Limitations & Future Work¶
- Only zero-shot settings are evaluated; few-shot and RAG experiments are absent, and reasoning augmentation strategies such as chain-of-thought are unexplored.
- Fraud labels are generated by Claude 3.7 Sonnet rather than through full human annotation, potentially introducing systematic bias.
- Most evaluated LLMs have limited understanding of Japanese financial terminology, particularly open-source models.
- The data covers only the Japanese market, and cross-national generalizability is not assessed.
- No in-depth analysis of LLM reasoning processes is provided (e.g., which financial statement items are attended to, visualization of reasoning paths).
- Fine-tuned Llama-3.2-1B results are incomplete, and exploration of small-model fine-tuning is insufficient.
- Both fraud detection and earnings forecasting are binary classification tasks; finer-grained regression formulations are not explored.
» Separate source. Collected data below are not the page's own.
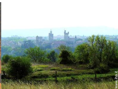
vista sulla città
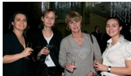
L'équipe de BG Presse
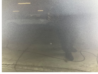
Kapı, sağ ön, Kapı, sağ > Noktasal Ezik
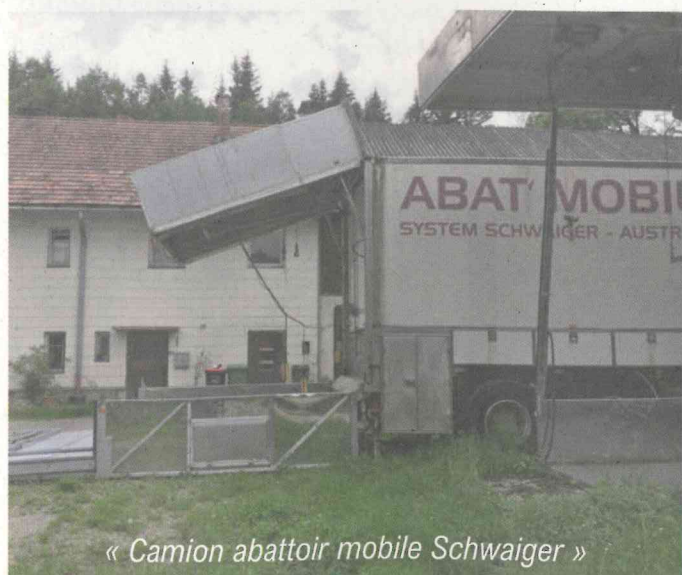
« Camion abattoir mobile Schwaiger »

Les dernières minutes d'un animal dans un abattoir classique peuvent être désastreuses sur la qualité de la viande à cause des effets du stress sur sa maturation. C'est assez dommage de travailler pendant des années pour fournir aux consommateurs une viande saine et de qualité et que ce travail soit réduit à néant par une fin de vie mal maîtrisée.
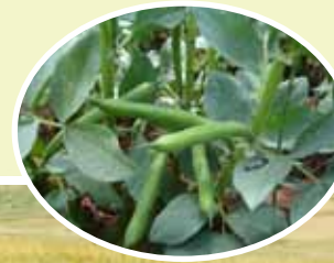
Incorporación de abono verde al suelo
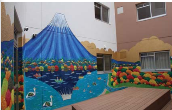
改装されたショートステイハウスの中庭(5月2日、一の矢宿舍35号棟で)
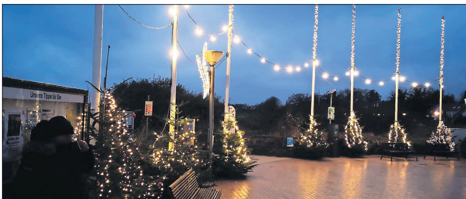
Weihnachtlicher Seebrückenvorplatz in Pelzerhaken.

an die Wasserrettung Pelzerhaken übergeben werden. Gerne können die Einwohnerinnen und Einwohner sowie die Gäste weiterhin ihren eigenen Weihnachtsschmuck in die Bäume hängen, um die Weihnachtsbäume noch schöner zu machen. (red)
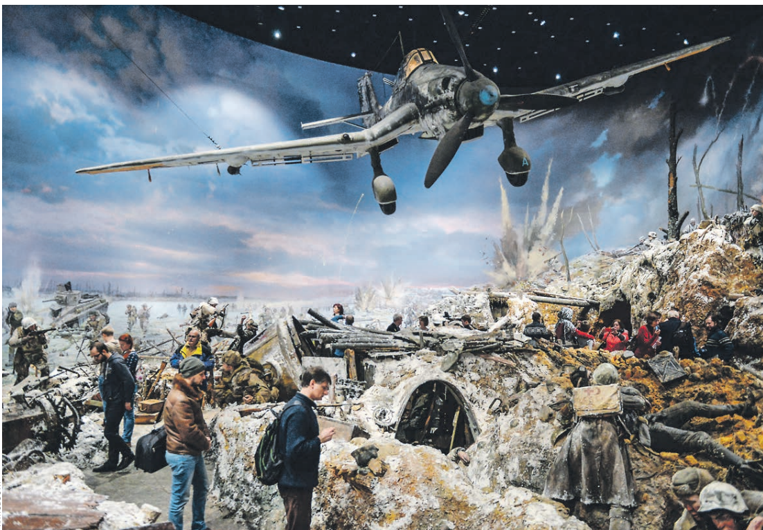
Участники российско-германского молодежного обмена смогли посетить экспозицию панорамы битвы за Ленинград

Санкт-Петербург. Хмурый октябрьский вечер. Вымокшие до нитки под проливным дождем участники «Гуманитарного жеста» проходили игровой квест по поиску в современном городе символов Ленинградской блокады. Вот уже прочитана афиша филармонии, в которой в 1942-м была исполнена знаменитая Седьмая симфония Шостаковича, найдено место на Фонтанке, где Ленинградцы брали воду, сделано множество фотографий. В путеводном листе еще остается много мест, но принято решение прервать мероприятие досрочно — бу-
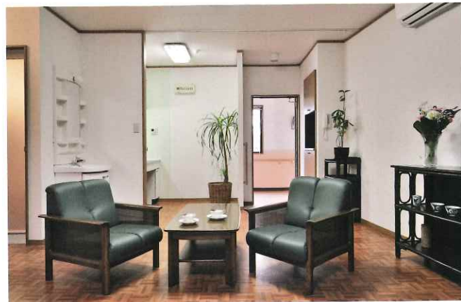
お好きな家具や調度品で、お部屋をアレンジしていただけます。

嘱託内科・消化器科・循環器科による診察(週1回) 心療内科・歯科・皮膚科・眼科による診察(必要に応じて) 定期健康診断 介護職員24時間体制 (玄関・ベッド横・バス・トイレにナースコール設置)

- Annual reports of approximately 30K tokens approach the context length limits of some models, which may affect results.
Related Work & Insights¶
- Compared to FinQA/ConvFinQA: EDINET-Bench requires processing complete annual reports rather than short passages, more closely approximating real-world financial analysis scenarios.
- Compared to FinanceBench: FinanceBench is an open-ended QA benchmark, whereas EDINET-Bench requires integrating multiple financial statements and textual content for expert-level reasoning.
- Compared to FAMMA: FAMMA is based on CFA exams and tutorials, while EDINET-Bench is grounded in real corporate annual reports.
- Compared to kim2024 (GPT-4 for earnings direction prediction): This paper provides open-source data and evaluation code for reproducibility.
- Insight: Financial LLMs need to move beyond simple QA toward agent-based approaches that simulate financial analyst workflows.
- Implications for non-English financial NLP: Countries can adopt similar approaches to construct local financial benchmarks (e.g., China CSRC disclosures, U.S. EDGAR).
- Future direction: Integrating RAG or multi-agent frameworks may substantially improve LLM financial reasoning performance.
Rating¶
- Novelty: ⭐⭐⭐⭐ First open-source fraud detection benchmark, though the task designs themselves are relatively straightforward.
- Experimental Thoroughness: ⭐⭐⭐⭐ Covers 10+ models and 3 input configurations, but lacks advanced experiments such as few-shot evaluation.
- Writing Quality: ⭐⭐⭐⭐ Well-structured with detailed data construction procedures and rich tables.
- Value: ⭐⭐⭐⭐ The open-source tools and datasets make practical contributions to the financial NLP community and expose the limitations of LLMs in financial reasoning.